What to work on:
Retype, word for word, each line between the lines holding "新增了住建部16类注册人员,新增人员信息板块、注册人员详请。" and "강동호는 생방송 무대에서", inclusive, and leave the rest of the data alone.

Records for the task:
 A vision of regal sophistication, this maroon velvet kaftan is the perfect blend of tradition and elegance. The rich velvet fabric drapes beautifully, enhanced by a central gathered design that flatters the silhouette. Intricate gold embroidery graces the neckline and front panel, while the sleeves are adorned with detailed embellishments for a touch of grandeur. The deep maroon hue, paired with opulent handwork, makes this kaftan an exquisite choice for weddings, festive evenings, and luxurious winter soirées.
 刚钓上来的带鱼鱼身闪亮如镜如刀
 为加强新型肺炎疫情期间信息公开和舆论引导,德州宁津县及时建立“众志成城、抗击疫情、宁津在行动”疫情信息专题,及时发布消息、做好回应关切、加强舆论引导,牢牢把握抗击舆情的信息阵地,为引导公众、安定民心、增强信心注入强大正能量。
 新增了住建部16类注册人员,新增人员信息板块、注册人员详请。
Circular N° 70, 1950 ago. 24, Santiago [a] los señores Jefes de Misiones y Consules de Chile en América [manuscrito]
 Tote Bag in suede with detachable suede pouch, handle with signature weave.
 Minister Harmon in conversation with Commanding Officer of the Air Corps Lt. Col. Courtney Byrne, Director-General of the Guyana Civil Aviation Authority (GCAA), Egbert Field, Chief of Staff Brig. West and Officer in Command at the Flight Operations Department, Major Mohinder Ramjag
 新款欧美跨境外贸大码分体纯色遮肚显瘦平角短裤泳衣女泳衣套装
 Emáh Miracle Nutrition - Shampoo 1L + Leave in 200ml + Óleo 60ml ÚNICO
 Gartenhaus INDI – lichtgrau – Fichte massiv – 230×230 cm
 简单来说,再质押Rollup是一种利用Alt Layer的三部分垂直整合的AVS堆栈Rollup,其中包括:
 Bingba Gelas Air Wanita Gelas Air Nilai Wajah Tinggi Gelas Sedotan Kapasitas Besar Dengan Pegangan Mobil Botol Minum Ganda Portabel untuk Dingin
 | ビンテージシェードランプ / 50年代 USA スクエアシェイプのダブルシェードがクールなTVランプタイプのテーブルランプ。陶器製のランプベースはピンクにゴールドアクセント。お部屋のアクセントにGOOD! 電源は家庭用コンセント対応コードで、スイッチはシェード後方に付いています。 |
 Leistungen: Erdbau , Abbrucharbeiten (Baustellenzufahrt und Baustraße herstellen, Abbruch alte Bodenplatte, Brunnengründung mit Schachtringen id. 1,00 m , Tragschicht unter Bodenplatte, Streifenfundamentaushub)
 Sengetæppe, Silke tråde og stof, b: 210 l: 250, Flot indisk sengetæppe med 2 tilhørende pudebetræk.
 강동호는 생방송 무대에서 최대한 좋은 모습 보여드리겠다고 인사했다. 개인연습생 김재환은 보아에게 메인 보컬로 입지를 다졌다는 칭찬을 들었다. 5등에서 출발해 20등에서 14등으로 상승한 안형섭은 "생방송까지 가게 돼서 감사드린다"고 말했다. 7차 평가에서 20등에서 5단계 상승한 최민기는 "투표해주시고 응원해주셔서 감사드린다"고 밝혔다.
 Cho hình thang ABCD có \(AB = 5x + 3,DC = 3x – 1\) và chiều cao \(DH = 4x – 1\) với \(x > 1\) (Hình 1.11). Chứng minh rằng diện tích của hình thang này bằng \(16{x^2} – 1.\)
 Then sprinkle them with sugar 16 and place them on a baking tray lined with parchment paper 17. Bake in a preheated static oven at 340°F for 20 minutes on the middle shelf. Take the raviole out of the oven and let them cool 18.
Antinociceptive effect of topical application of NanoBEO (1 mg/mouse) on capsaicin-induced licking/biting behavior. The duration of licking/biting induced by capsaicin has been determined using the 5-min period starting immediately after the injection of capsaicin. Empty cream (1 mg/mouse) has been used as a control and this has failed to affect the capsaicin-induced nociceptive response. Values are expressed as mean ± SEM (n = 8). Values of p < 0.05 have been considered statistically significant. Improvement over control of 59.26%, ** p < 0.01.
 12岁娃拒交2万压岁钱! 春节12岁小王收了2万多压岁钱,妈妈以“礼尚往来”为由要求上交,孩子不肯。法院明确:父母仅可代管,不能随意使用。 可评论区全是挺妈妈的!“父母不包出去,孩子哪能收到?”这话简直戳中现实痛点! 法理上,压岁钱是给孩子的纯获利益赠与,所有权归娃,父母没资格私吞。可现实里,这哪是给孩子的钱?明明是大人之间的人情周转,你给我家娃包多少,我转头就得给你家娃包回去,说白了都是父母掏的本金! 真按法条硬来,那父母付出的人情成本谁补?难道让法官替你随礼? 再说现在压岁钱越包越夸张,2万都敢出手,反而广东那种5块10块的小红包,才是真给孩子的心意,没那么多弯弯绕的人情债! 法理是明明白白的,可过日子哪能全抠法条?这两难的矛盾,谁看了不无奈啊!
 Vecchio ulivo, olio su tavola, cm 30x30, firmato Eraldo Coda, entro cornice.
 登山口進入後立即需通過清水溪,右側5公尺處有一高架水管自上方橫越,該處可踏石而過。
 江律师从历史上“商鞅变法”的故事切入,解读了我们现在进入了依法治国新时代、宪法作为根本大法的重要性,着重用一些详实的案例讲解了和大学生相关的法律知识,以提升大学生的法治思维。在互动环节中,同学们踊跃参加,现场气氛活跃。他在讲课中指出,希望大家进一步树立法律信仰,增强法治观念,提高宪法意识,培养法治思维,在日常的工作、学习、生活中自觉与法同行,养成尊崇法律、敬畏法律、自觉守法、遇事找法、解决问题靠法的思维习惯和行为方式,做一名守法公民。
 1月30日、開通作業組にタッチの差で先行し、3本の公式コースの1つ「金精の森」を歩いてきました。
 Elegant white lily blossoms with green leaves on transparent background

Your solution:
 新增了住建部16类注册人员,新增人员信息板块、注册人员详请。
Circular N° 70, 1950 ago. 24, Santiago [a] los señores Jefes de Misiones y Consules de Chile en América [manuscrito]
 Tote Bag in suede with detachable suede pouch, handle with signature weave.
 Minister Harmon in conversation with Commanding Officer of the Air Corps Lt. Col. Courtney Byrne, Director-General of the Guyana Civil Aviation Authority (GCAA), Egbert Field, Chief of Staff Brig. West and Officer in Command at the Flight Operations Department, Major Mohinder Ramjag
 新款欧美跨境外贸大码分体纯色遮肚显瘦平角短裤泳衣女泳衣套装
 Emáh Miracle Nutrition - Shampoo 1L + Leave in 200ml + Óleo 60ml ÚNICO
 Gartenhaus INDI – lichtgrau – Fichte massiv – 230×230 cm
 简单来说,再质押Rollup是一种利用Alt Layer的三部分垂直整合的AVS堆栈Rollup,其中包括:
 Bingba Gelas Air Wanita Gelas Air Nilai Wajah Tinggi Gelas Sedotan Kapasitas Besar Dengan Pegangan Mobil Botol Minum Ganda Portabel untuk Dingin
 | ビンテージシェードランプ / 50年代 USA スクエアシェイプのダブルシェードがクールなTVランプタイプのテーブルランプ。陶器製のランプベースはピンクにゴールドアクセント。お部屋のアクセントにGOOD! 電源は家庭用コンセント対応コードで、スイッチはシェード後方に付いています。 |
 Leistungen: Erdbau , Abbrucharbeiten (Baustellenzufahrt und Baustraße herstellen, Abbruch alte Bodenplatte, Brunnengründung mit Schachtringen id. 1,00 m , Tragschicht unter Bodenplatte, Streifenfundamentaushub)
 Sengetæppe, Silke tråde og stof, b: 210 l: 250, Flot indisk sengetæppe med 2 tilhørende pudebetræk.
 강동호는 생방송 무대에서 최대한 좋은 모습 보여드리겠다고 인사했다. 개인연습생 김재환은 보아에게 메인 보컬로 입지를 다졌다는 칭찬을 들었다. 5등에서 출발해 20등에서 14등으로 상승한 안형섭은 "생방송까지 가게 돼서 감사드린다"고 말했다. 7차 평가에서 20등에서 5단계 상승한 최민기는 "투표해주시고 응원해주셔서 감사드린다"고 밝혔다.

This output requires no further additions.